I am noticing similar. When running on WSL2, I noticed that the default parallel_hello_world would not finish (before I got bored of waiting and figured something was wrong). I have a standard RTX 3070, btw. I rewrote things to play around, and found that it ran plenty fast when running gen(13), just not gen(16). My guess is some issue with using too much GPU memory and getting stuck, as some have mentioned here.

Moreover, when running gen(16), my GPU continued to be fully running after CTRL+C the command line and attempting to terminate the process. Is this related to having no IO?

Info:
HVM: 2.0.19
Bend: 0.2.27
OS: wsl-ubuntu 22.04.3 LTS
Kernel: 6.5.0-35
CPU: RYZEN 3600X
GPU: RTX 3070
g++: 11.4.0

@evbxll Sounds like a different issue. The issue I and others are describing happens even for a very simple program like the one below

def main:
  return (1 + 1)

Also, the issue we're describing results in all our CPU being used, but none of our GPU, and CTRL+C does stop it from using all the CPU for me

@evbxll Sounds like a different issue. The issue I and others are describing happens even for a very simple program like the one below

def main:
  return (1 + 1)

Also, the issue we're describing results in all our CPU being used, but none of our GPU, and CTRL+C does stop it from using all the CPU for me

Eh, I feel like the original issue these comments are under is similar to me. Execution stuck when running CUDA WSL2

Yeah, one also get this issue, so one followed a few steps:

  1. #364 solution (since one had an 1080 Ti) but modify on the current latest version hvm v2.0.19 (instead of the v2.0.13 @hubble14567 originally mentioned).
  2. Follow @wtfil suggestion to install ubuntu 22.04 (and 24.04 LTS just in case, but both are installed on separate disk because you can't install both on the same folder same disk, otherwise, it'll share a single virtual disk and that's a huge issue); in the end, both works.
  3. Update driver from 536.xx (forgot the exact version) to 555.99 (the current latest version). If one tries to run nvidia-smi now should get segmentation fault. Restart your computer, then the error should be gone. Now, run bend run-cu simple.bend -s and it'll have no problem.

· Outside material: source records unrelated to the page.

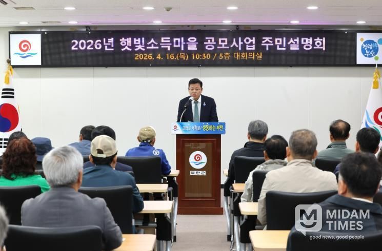 부안군은 지난 16일 군청 대회의실에서 읍·면 이장협의회장, 주민자치위원장, 마을대표 등 100여 명이 참석한 가운데 정부의 ‘2026년 햇빛소득마을 공모사업 주민설명회’를 개최했다고 밝혔다.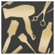 Vergnügen Sie sich mit goldfarbenem Schwarz-gemustert-Stoff mit den Silhouette-Ausschnitt-Formen von verschiedenen Werkzeugen des Handels, Stylist-Tools und Geräte wie Haartrockner, Schere, Kamm, Bürste, Applikationsbürste und Spritzflasche. Fügen Sie mit diesem lustigen Friseur-Design Ihrem täglichen kleinen Geschäftsleben Flair hinzu, um Ihre Salongegenstände wie Kapseln, Masken oder andere individuelle Gegenstände zu kreieren. Sie können sogar die Hintergrundfarbe ändern, indem Sie "anpassen" und die "gedruckte Hintergrundfarbe" ändern.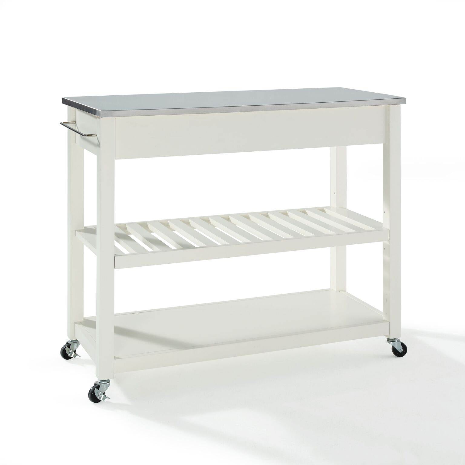 Crosley Furniture Stainless Steel Top Kitchen Cart with Optional Stool Storage: Stainless-steel top Solid hardwood and veneer construction Hand rubbed, multi-step finish Beautiful raised panel drawer fronts Adjustable and removable shelf 2 utility drawers Towel bar Heavy duty caster for mobility Crosley kitchen cart available colors: black, cherry, white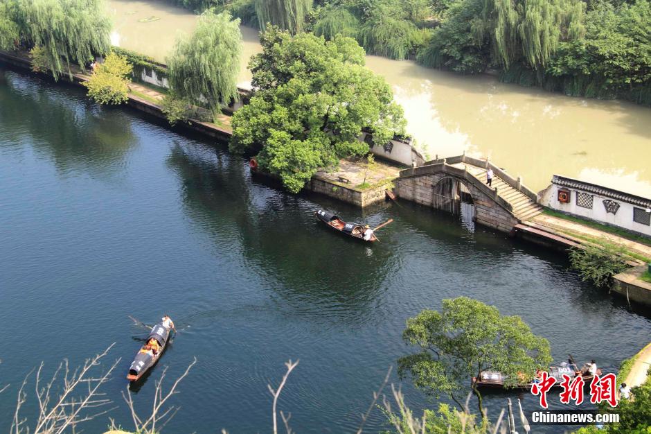 Photo taken on Aug.21, 2014 shows a river that boasts different water quality conditions in Shaoxing city, east China's Zhejiang province. On one side of the wall, tourists enjoy beautiful landscapes on a bridge over the clear water at the city's Donghu Scenic Zone. However, on the other side of the wall, the water of the river looks yellow due to pollution and sediments transported by mountain torrents after consistent heavy rains in the region. (Photo: China News Service/Li Ruichang)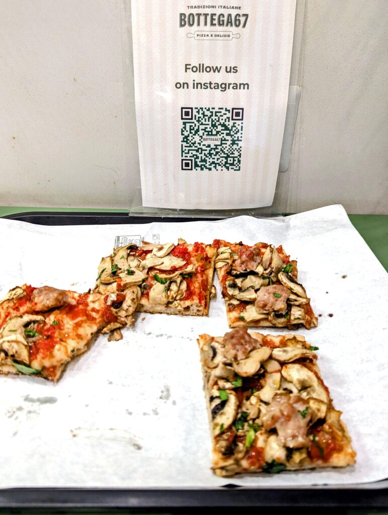 Then I proceeded to the Colosseum for my 3:00 p.m. entry ticket. I had not eaten yet, so I was fortunate to find a fast pizza place “Bottega67” before entering the Colosseum.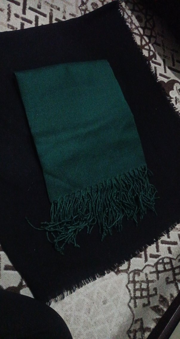 Koyu yeşil renkte, yün kumaştan yapılmış, püsküllü kadın şalı. Rahat ve sade bohem tarzıyla sıcak tutar.

The fix is quite stupid, because it seems to take so long to move data from cpu to gpu that running the simple.bend suggested above took 5-6 seconds.

wabinab@...: $ bend run-cu simple.bend -s
Result: 2
- ITRS: 2
- LEAK: 0
- TIME: 5.83s
- MIPS: 0.00

Edit: Anyway, one tries to run a second time and it seems to decrease in time, although the simple isn't worth it.

wabinab@...: $ bend run-cu simple.bend -s
Result: 2
- ITRS: 2
- LEAK: 0
- TIME: 0.29s
- MIPS: 0.00

Similarly, if we try run the parallel_sum.bend as a hello world, the results aren't enticing with 1080 Ti:

bend run-c parallel_sum.bend -s
Result: 5908768
- ITRS: 45999971
- TIME: 0.69s
- MIPS: 66.89

bend run-cu parallel_sum.bend -s
Result: 5908768
- ITRS: 45983587
- LEAK: 37606783
- TIME: 0.83s
- MIPS: 55.62

There's a lot of LEAK, and calculations are slower compared to 4-core CPU (i5-7400).

is there a fix for this?
running into same issue